Maryland Judge Allows Schools to Change Names of Students Without Parental Consent

A Maryland judge has dismissed a complaint against Montgomery County Public Schools made by three parents who claim the district’s “gender identity” guidelines violated their state and constitutional rights. According to the guidelines, teachers are permitted to socially transition students to a different “gender identity” at school, without their parents’ consent or knowledge.

The parents, who filed the lawsuit anonymously in 2020 against the Montgomery County Board of Education (MCBE), argued that the guidelines violated their right under the 14th amendment “to direct the care, custody, education, and control of their minor children.”

MCBE issued their “2020-2021 Guidelines for Student Gender Identity,” which advised schools in their district to develop a “gender-support plan” with students using an intake form that, according to the filing, would be kept confidential if the family was not supportive of their child’s desire to adopt a new “gender identity.”

The plaintiffs argued that the new guidelines interfered with their parental rights “in a pivotal decision” in their children’s lives, which enabled school personnel to allow children “to transition socially to a different gender identity at school” without their consent.

Judge Paul W. Grimm, of the U.S. District Court for the District of Maryland, sided with the school district in a ruling on Thursday. “MCBE certainly has a legitimate interest in providing a safe and supportive environment for all MCPS students, including those who are transgender and gender nonconforming,” Grimm said in the decision. “And the Guidelines are certainly rationally related to achieving that result.”

While allowing students to use a different name and pronouns under the supervision of school personnel may seem harmless, evidence shows that “social transition” may dramatically increase the likelihood of gender dysphoria persisting.
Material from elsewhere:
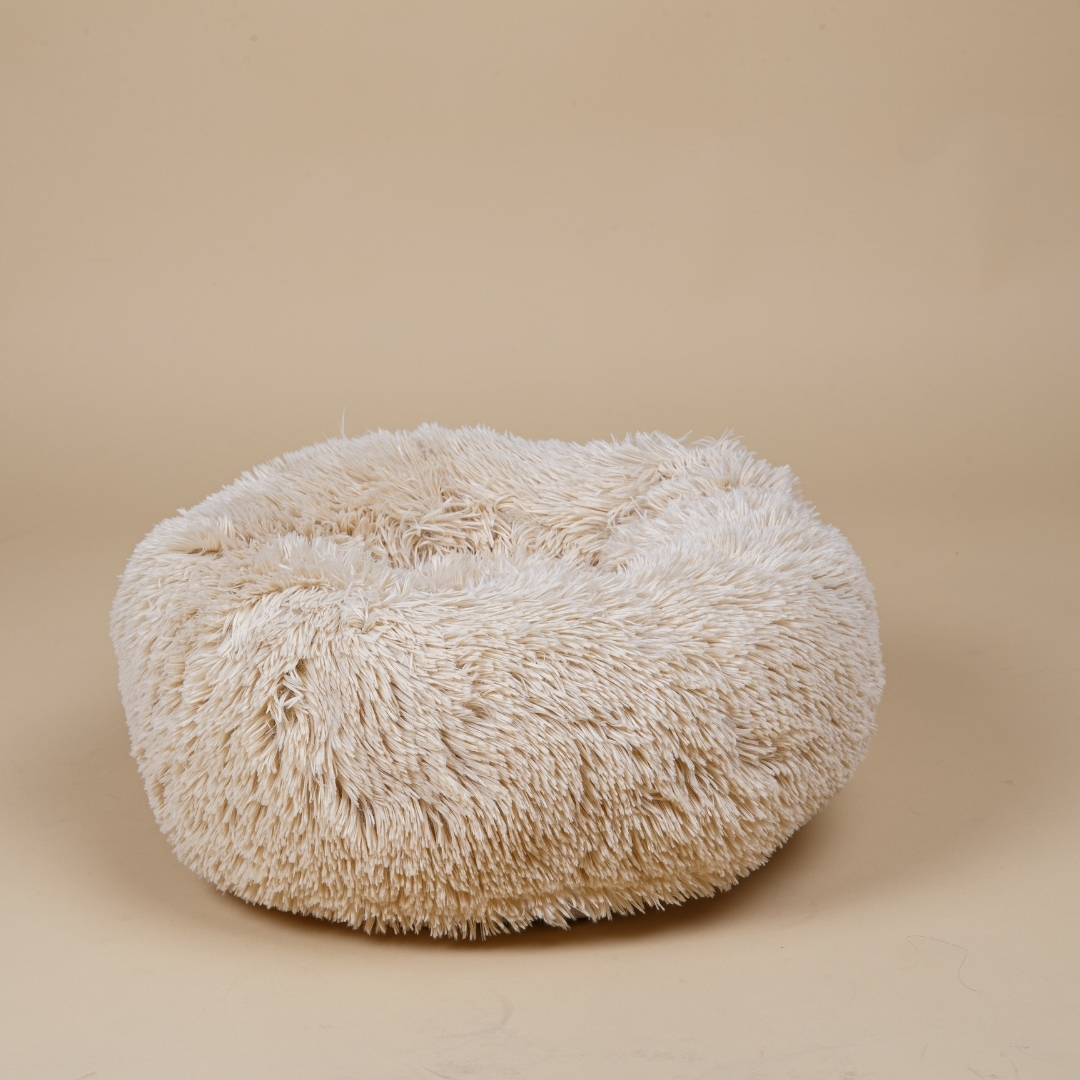 Cama de cachorro em forma de rosquinha bege de pelúcia em um fundo simples

“There is good reason to believe that social transition is iatrogenic, meaning that ‘affirming’ a child socially with his/her preferred name and pronouns increases the chance that the cross-gender ID will persist and medical interventions will be sought,” says PhD researcher and Manhattan Fellow, Leor Sapir, citing a 2019 paper by Dr. Kenneth Zucker published in the Journal of Child Psychiatry and Psychology.

Zucker compared studies of children with gender dysphoria who were socially transitioned to similar studies where gender dysphoric children were not socially transitioned. Zucker found that socially transitioning children dramatically increased the likelihood that their dysphoria would persist and they would seek biomedical treatments.

The best evidence currently indicates that roughly 60–90 percent of children who identify as transgender who do not socially or medically transition will no longer identify as  transgender in adulthood. “Despite the differences in country, culture, decade, and follow-up length and method, all the studies have come to a remarkably similar conclusion: Only very few trans-kids still want to transition by the time they are adults. Instead, they generally turn out to be regular gay or lesbian folks,” says sexual behavior scientist Dr. James Cantor.

The attorney representing the plaintiffs, Frederick Claybrook Jr.,  has advised his clients to appeal the decision. “They are the ones that are to give guidance to their children and to help them through this very important step,” Claybrook said. “Not necessarily to the exclusion of schools, but schools can’t do that to the exclusion of parents, either.”